Maritime authorities in Norway gave a green light to the seal hunt at the end
of January, despite a massive international protest.
"The biggest response has come from the media," seal hunter and outfitter
Roger Eidem told the national Norwegian broadcasting company earlier this week.
"The Norwegian seal hunt has received as much attention as a state coup
would. The worst is that it's being portrayed as barbarian, especially in the
foreign press. It's been said we beat the animals with picks that were used
in the old days, and that we kill newborn seals."
Greenpeace had threatened to mount protests over this year's seal hunt, but
in Vega they've seen no signs from Greenpeace yet.
April
1, 2005
Arctic expeditions
stranded in Russia
The Aftenposten newspaper
says a power-play among Russian bureaucrats has stranded three expeditions that
planned to trek over the North Pole this spring.
Liv Arnesen of Norway and
her partner Ann Bancroft of the United States are among those stuck in the Siberian
town of Khatanga.
Bancroft and Arnesen want
to ski and ski-sail over the frozen Arctic Ocean and around the North Pole.
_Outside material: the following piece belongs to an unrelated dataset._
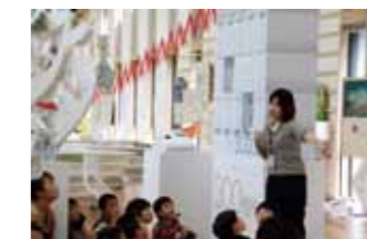
スタッフが館内をご案内

いずれも無料でご利用いただけます。 お申し込み方法など、お気軽にお問い合わせください。(TEL:099-806-6600) http://www.kagoshima-mirai.kan.jp/

But Arnesen told the Aftenposten
newspaper that she and Bancroft have become pawns "in a bigger game"
that involves powerful players in Moscow who are vying to control tourism in
parts of the Arctic.
The Norwegian Embassy in
Moscow has tried to intervene, and Russian authorities issued all the papers
and permits needed to make the part of the polar expedition that goes over Russian
territory.
But in mid-March, Russian
soldiers carrying Kalishnikov weapons surrounded the two helicopters Arnesen
and Bancroft planned to use to fly to their starting point of Cape Arktichesky.
The soldiers showed up,
Arnesen said, after they had loaded their equipment into the helicopters.
"Military authorities
in Murmansk have, after orders from someone in Moscow, called the airport and
given orders that we can't fly north," said Arnesen.
Arnesen said the 2,750-kilometer
expedition around the North Pole to Ward Hunt Island should have started by
February 25.
They need to reach the
North Pole by the end of April to get back over the ice to Canada.
Two other expeditions are
also stuck in Khatanga, one involving a British woman going solo and another
with adventurers from the Netherlands, the U.S. and Norway.
April
1, 2005
Canada's melting glaciers
raising sea levels
Recent research conducted
by NASA scientists says Canada's ice caps and glaciers have a large influence
on Earth's changing climate and are already causing the global sea level to
rise.
Canada's Arctic is covered
by approximately 150,000 square kilometers of ice. While this land area is tiny
compared to Antarctica's 113.5 million square kilometers, and Greenland's 1.7
million square kilometers of ice coverage, it is still quite significant, says
NASA.
Waleed Abdalati, head of
the Cryospheric Sciences Branch at NASA's Goddard Space Flight Center published
research recently in the Journal of Geophysical Research showing that Canada's
Arctic ice is already one of the most important sources of global changes in
sea levels.
Abdalati and his colleagues
say Canada's Arctic ice is important because the huge area covered by these
ice caps and the dramatic changes that have taken place in the Arctic climate
in recent years.
Over the next century,
melting glaciers and ice caps outside of Greenland and Antarctica are expected
to raise global sea levels by 20 to 40 centimeters.